[[ DATA SHOWN, beginning ]]
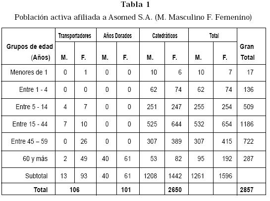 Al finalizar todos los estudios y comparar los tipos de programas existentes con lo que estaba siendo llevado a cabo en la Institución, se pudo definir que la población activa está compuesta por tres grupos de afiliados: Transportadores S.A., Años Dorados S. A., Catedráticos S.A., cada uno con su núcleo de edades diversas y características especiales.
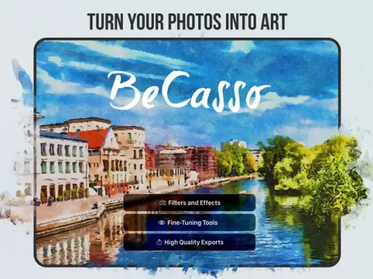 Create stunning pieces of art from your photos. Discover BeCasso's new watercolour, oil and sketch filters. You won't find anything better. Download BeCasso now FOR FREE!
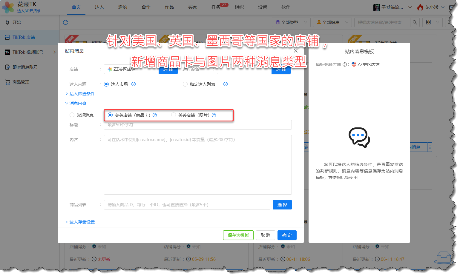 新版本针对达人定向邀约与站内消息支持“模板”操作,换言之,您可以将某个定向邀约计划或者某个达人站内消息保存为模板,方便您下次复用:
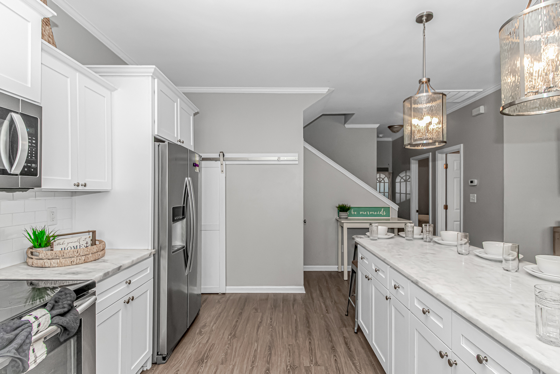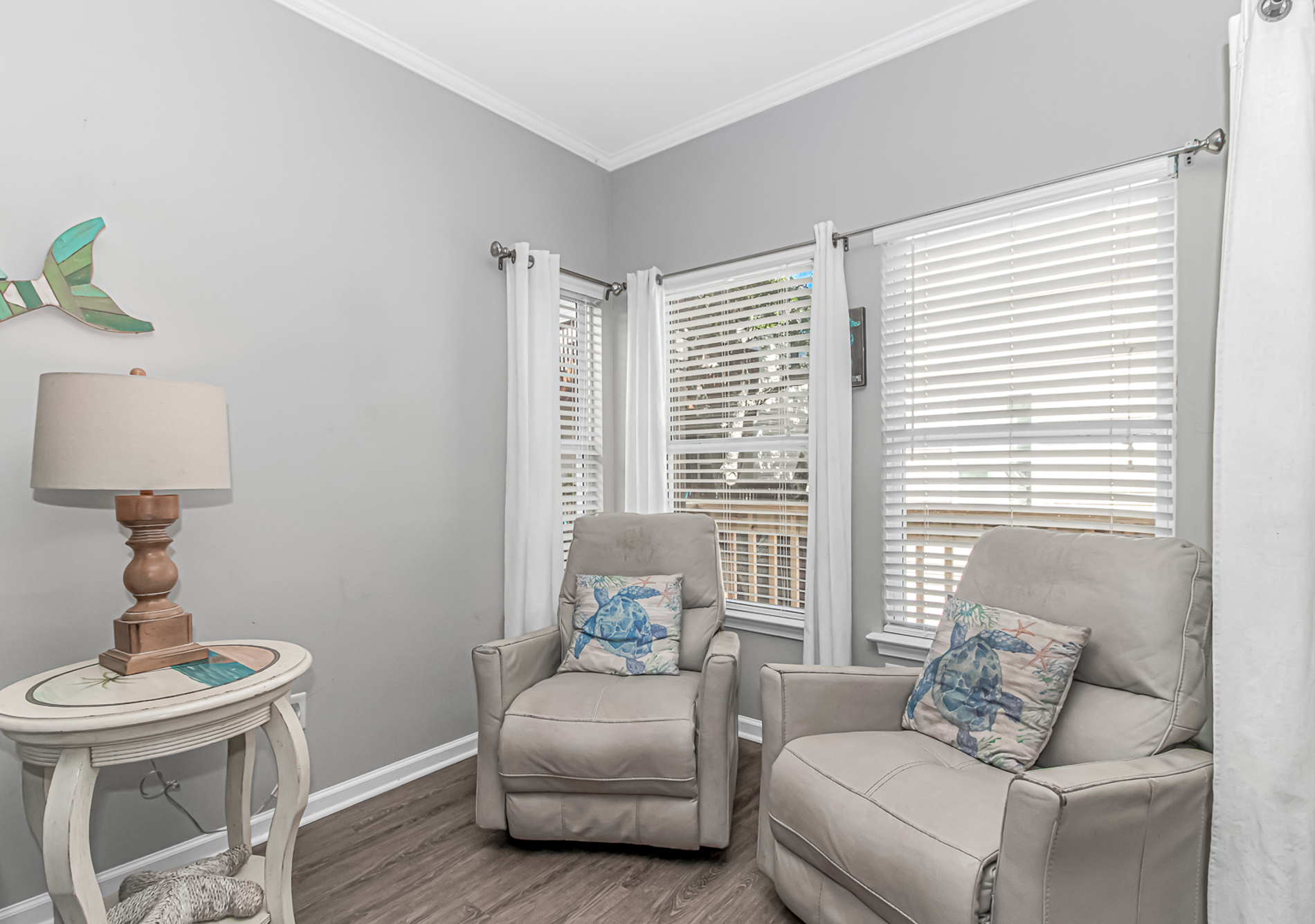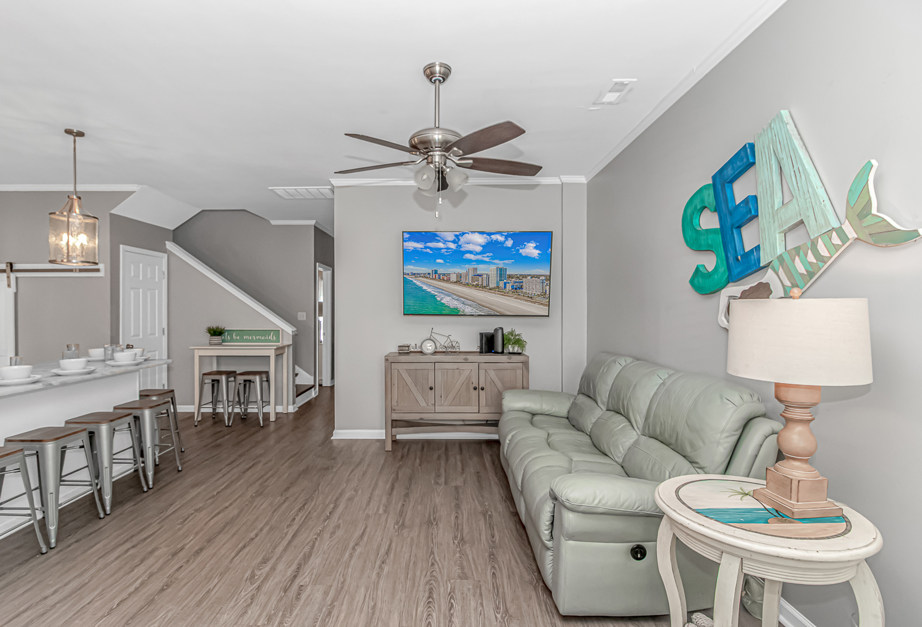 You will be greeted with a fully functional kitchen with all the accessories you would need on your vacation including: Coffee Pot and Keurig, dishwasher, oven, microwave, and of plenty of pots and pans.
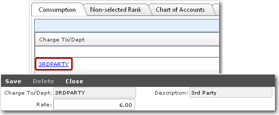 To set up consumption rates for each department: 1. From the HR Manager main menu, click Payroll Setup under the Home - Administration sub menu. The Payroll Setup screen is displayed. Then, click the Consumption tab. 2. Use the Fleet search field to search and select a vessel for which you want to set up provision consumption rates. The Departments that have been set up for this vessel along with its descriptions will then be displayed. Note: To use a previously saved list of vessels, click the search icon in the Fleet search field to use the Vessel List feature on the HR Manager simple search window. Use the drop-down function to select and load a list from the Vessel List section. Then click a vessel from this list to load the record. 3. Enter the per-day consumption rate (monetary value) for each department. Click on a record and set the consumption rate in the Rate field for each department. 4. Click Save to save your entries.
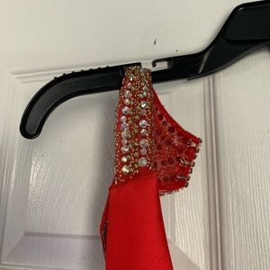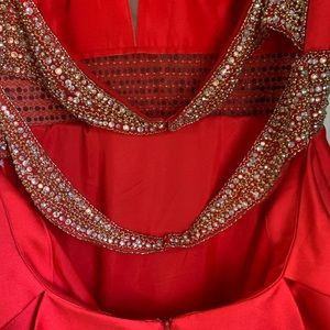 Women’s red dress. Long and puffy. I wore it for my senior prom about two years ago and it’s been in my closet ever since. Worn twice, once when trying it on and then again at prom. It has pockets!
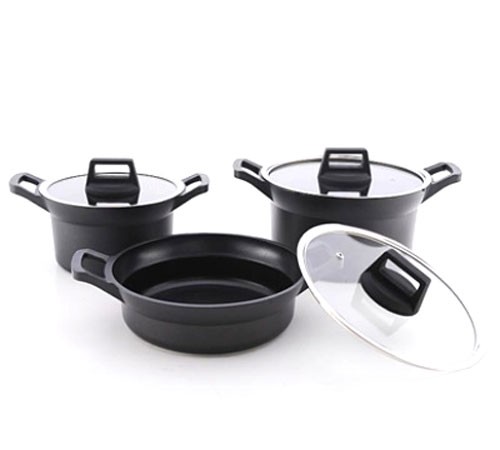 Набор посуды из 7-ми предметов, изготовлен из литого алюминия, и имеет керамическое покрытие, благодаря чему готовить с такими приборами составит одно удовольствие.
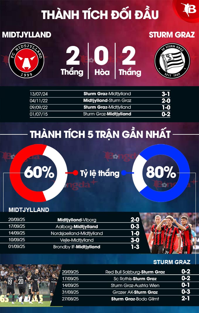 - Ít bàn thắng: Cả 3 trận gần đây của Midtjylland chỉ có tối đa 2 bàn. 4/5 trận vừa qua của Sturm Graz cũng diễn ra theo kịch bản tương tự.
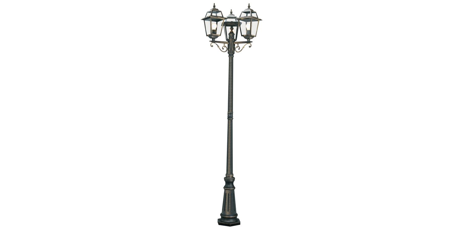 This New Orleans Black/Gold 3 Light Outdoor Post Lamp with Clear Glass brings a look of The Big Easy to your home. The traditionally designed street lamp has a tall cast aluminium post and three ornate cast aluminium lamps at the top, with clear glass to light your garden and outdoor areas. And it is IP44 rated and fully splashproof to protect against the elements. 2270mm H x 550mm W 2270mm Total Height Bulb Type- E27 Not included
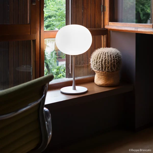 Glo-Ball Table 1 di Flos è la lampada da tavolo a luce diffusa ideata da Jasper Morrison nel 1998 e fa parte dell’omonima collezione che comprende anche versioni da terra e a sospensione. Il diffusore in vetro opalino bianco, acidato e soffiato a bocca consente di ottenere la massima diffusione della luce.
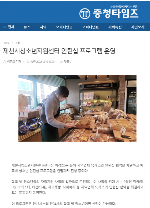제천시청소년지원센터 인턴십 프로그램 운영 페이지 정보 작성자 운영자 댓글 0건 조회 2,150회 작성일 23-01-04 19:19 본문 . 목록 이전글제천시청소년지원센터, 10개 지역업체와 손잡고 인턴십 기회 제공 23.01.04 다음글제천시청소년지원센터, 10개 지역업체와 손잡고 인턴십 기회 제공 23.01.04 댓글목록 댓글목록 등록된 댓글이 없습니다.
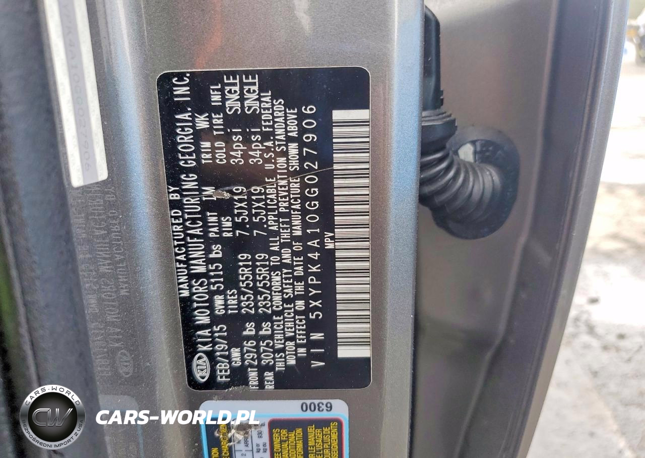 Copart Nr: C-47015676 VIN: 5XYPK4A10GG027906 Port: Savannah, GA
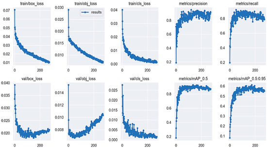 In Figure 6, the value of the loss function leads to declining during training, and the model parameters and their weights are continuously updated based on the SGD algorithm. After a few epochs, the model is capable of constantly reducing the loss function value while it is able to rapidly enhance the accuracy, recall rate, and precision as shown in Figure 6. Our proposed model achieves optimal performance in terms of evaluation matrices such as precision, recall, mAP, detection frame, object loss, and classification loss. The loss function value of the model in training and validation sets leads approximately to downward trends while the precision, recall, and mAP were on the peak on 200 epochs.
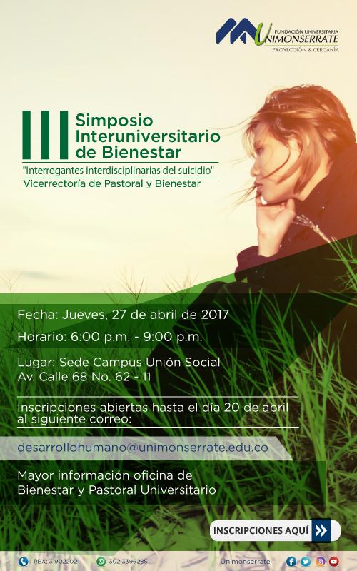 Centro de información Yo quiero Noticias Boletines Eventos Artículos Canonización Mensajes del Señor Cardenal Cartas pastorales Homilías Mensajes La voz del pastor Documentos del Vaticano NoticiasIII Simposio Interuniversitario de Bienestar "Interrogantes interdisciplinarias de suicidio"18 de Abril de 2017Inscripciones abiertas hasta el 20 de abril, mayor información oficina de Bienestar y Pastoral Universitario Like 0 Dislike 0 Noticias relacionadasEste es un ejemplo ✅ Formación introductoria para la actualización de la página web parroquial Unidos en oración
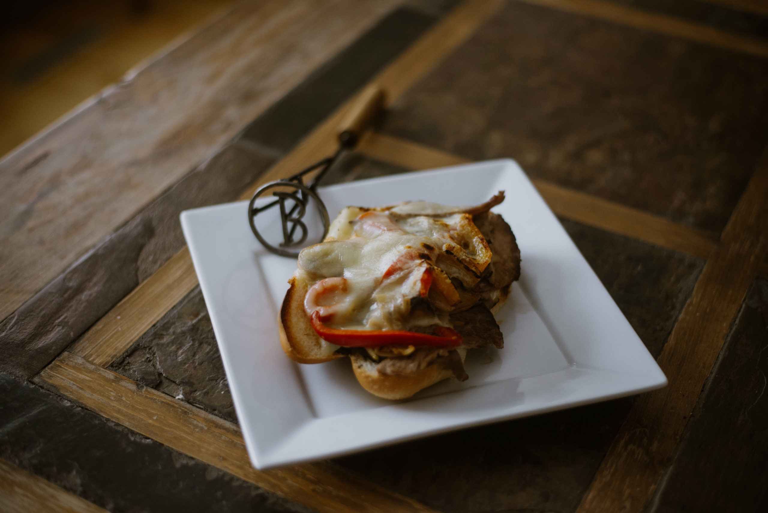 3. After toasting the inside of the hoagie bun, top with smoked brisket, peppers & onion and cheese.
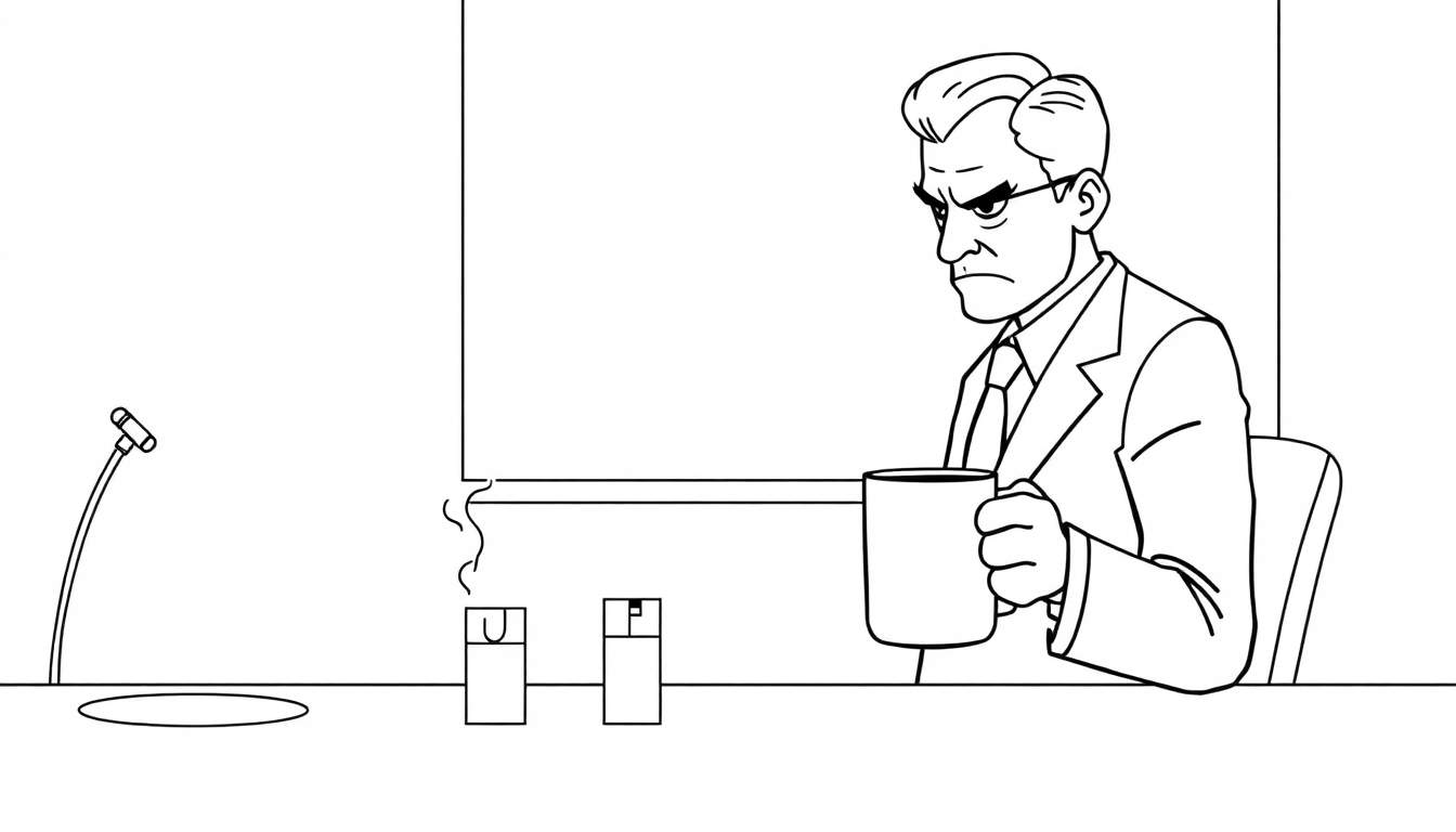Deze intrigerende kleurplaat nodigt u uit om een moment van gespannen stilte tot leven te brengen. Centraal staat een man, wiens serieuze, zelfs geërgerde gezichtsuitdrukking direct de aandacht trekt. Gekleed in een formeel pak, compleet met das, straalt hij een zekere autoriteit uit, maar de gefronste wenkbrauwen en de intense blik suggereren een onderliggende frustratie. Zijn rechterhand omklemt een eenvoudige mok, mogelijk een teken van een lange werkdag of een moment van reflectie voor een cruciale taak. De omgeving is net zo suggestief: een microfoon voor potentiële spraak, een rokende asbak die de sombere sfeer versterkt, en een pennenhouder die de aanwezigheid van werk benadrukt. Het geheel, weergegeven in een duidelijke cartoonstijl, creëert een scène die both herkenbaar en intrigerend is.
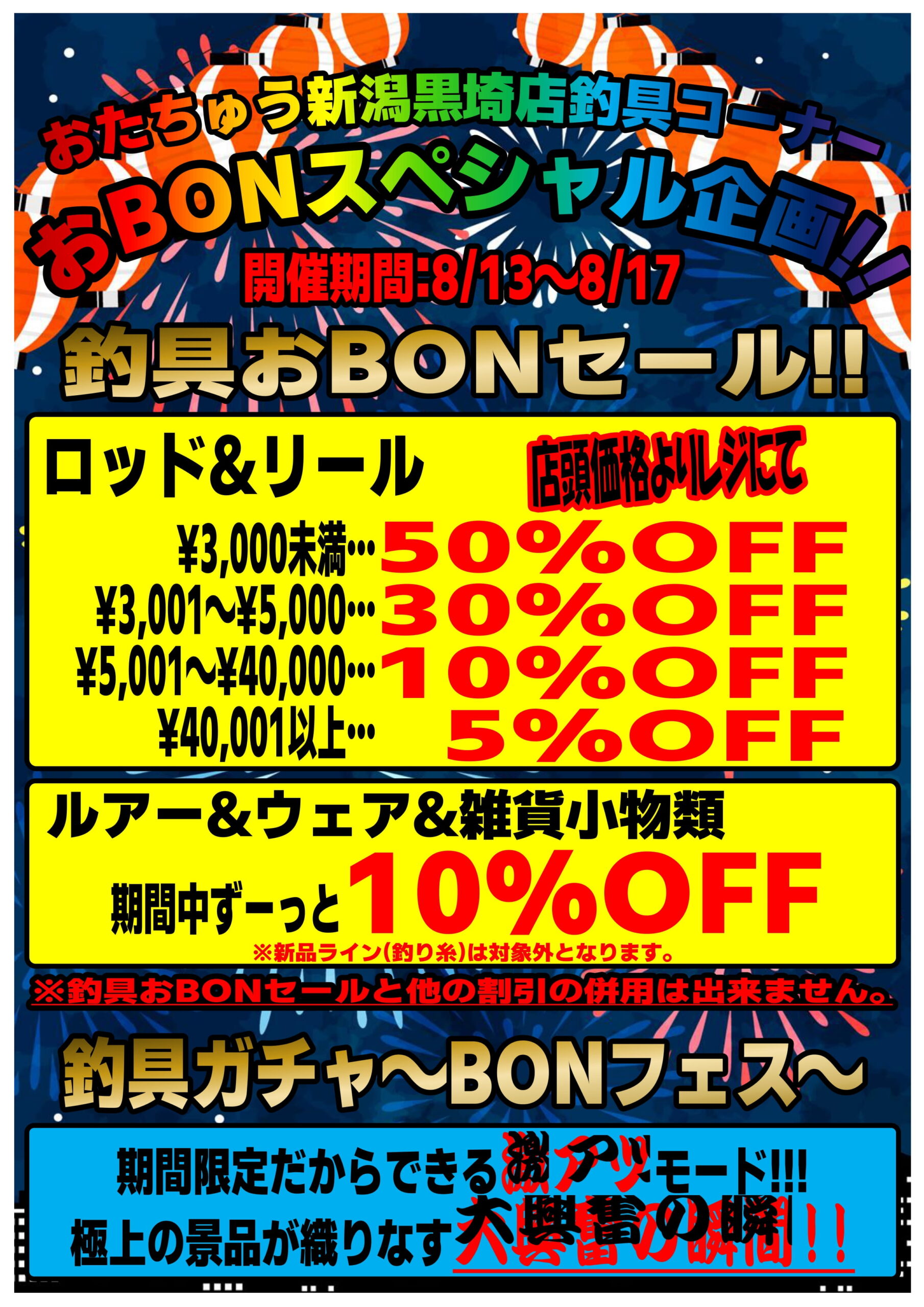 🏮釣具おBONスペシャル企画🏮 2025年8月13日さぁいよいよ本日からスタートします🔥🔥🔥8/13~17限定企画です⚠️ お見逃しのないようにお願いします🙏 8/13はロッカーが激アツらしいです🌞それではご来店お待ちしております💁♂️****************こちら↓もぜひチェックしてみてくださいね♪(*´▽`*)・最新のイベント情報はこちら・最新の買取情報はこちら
[[ DATA SHOWN, end ]]
- **TASK PROMPT**
Output the complete listing exactly. Pictures stay out.

- **THE ANSWER**
 Al finalizar todos los estudios y comparar los tipos de programas existentes con lo que estaba siendo llevado a cabo en la Institución, se pudo definir que la población activa está compuesta por tres grupos de afiliados: Transportadores S.A., Años Dorados S. A., Catedráticos S.A., cada uno con su núcleo de edades diversas y características especiales.
 Create stunning pieces of art from your photos. Discover BeCasso's new watercolour, oil and sketch filters. You won't find anything better. Download BeCasso now FOR FREE!
 新版本针对达人定向邀约与站内消息支持“模板”操作,换言之,您可以将某个定向邀约计划或者某个达人站内消息保存为模板,方便您下次复用:
 You will be greeted with a fully functional kitchen with all the accessories you would need on your vacation including: Coffee Pot and Keurig, dishwasher, oven, microwave, and of plenty of pots and pans.
 To set up consumption rates for each department: 1. From the HR Manager main menu, click Payroll Setup under the Home - Administration sub menu. The Payroll Setup screen is displayed. Then, click the Consumption tab. 2. Use the Fleet search field to search and select a vessel for which you want to set up provision consumption rates. The Departments that have been set up for this vessel along with its descriptions will then be displayed. Note: To use a previously saved list of vessels, click the search icon in the Fleet search field to use the Vessel List feature on the HR Manager simple search window. Use the drop-down function to select and load a list from the Vessel List section. Then click a vessel from this list to load the record. 3. Enter the per-day consumption rate (monetary value) for each department. Click on a record and set the consumption rate in the Rate field for each department. 4. Click Save to save your entries.
 Women’s red dress. Long and puffy. I wore it for my senior prom about two years ago and it’s been in my closet ever since. Worn twice, once when trying it on and then again at prom. It has pockets!
 Набор посуды из 7-ми предметов, изготовлен из литого алюминия, и имеет керамическое покрытие, благодаря чему готовить с такими приборами составит одно удовольствие.
 - Ít bàn thắng: Cả 3 trận gần đây của Midtjylland chỉ có tối đa 2 bàn. 4/5 trận vừa qua của Sturm Graz cũng diễn ra theo kịch bản tương tự.
 This New Orleans Black/Gold 3 Light Outdoor Post Lamp with Clear Glass brings a look of The Big Easy to your home. The traditionally designed street lamp has a tall cast aluminium post and three ornate cast aluminium lamps at the top, with clear glass to light your garden and outdoor areas. And it is IP44 rated and fully splashproof to protect against the elements. 2270mm H x 550mm W 2270mm Total Height Bulb Type- E27 Not included
 Glo-Ball Table 1 di Flos è la lampada da tavolo a luce diffusa ideata da Jasper Morrison nel 1998 e fa parte dell’omonima collezione che comprende anche versioni da terra e a sospensione. Il diffusore in vetro opalino bianco, acidato e soffiato a bocca consente di ottenere la massima diffusione della luce.
제천시청소년지원센터 인턴십 프로그램 운영 페이지 정보 작성자 운영자 댓글 0건 조회 2,150회 작성일 23-01-04 19:19 본문 . 목록 이전글제천시청소년지원센터, 10개 지역업체와 손잡고 인턴십 기회 제공 23.01.04 다음글제천시청소년지원센터, 10개 지역업체와 손잡고 인턴십 기회 제공 23.01.04 댓글목록 댓글목록 등록된 댓글이 없습니다.
 Copart Nr: C-47015676 VIN: 5XYPK4A10GG027906 Port: Savannah, GA
 In Figure 6, the value of the loss function leads to declining during training, and the model parameters and their weights are continuously updated based on the SGD algorithm. After a few epochs, the model is capable of constantly reducing the loss function value while it is able to rapidly enhance the accuracy, recall rate, and precision as shown in Figure 6. Our proposed model achieves optimal performance in terms of evaluation matrices such as precision, recall, mAP, detection frame, object loss, and classification loss. The loss function value of the model in training and validation sets leads approximately to downward trends while the precision, recall, and mAP were on the peak on 200 epochs.
 Centro de información Yo quiero Noticias Boletines Eventos Artículos Canonización Mensajes del Señor Cardenal Cartas pastorales Homilías Mensajes La voz del pastor Documentos del Vaticano NoticiasIII Simposio Interuniversitario de Bienestar "Interrogantes interdisciplinarias de suicidio"18 de Abril de 2017Inscripciones abiertas hasta el 20 de abril, mayor información oficina de Bienestar y Pastoral Universitario Like 0 Dislike 0 Noticias relacionadasEste es un ejemplo ✅ Formación introductoria para la actualización de la página web parroquial Unidos en oración
 3. After toasting the inside of the hoagie bun, top with smoked brisket, peppers & onion and cheese.
Deze intrigerende kleurplaat nodigt u uit om een moment van gespannen stilte tot leven te brengen. Centraal staat een man, wiens serieuze, zelfs geërgerde gezichtsuitdrukking direct de aandacht trekt. Gekleed in een formeel pak, compleet met das, straalt hij een zekere autoriteit uit, maar de gefronste wenkbrauwen en de intense blik suggereren een onderliggende frustratie. Zijn rechterhand omklemt een eenvoudige mok, mogelijk een teken van een lange werkdag of een moment van reflectie voor een cruciale taak. De omgeving is net zo suggestief: een microfoon voor potentiële spraak, een rokende asbak die de sombere sfeer versterkt, en een pennenhouder die de aanwezigheid van werk benadrukt. Het geheel, weergegeven in een duidelijke cartoonstijl, creëert een scène die both herkenbaar en intrigerend is.
 🏮釣具おBONスペシャル企画🏮 2025年8月13日さぁいよいよ本日からスタートします🔥🔥🔥8/13~17限定企画です⚠️ お見逃しのないようにお願いします🙏 8/13はロッカーが激アツらしいです🌞それではご来店お待ちしております💁♂️****************こちら↓もぜひチェックしてみてくださいね♪(*´▽`*)・最新のイベント情報はこちら・最新の買取情報はこちら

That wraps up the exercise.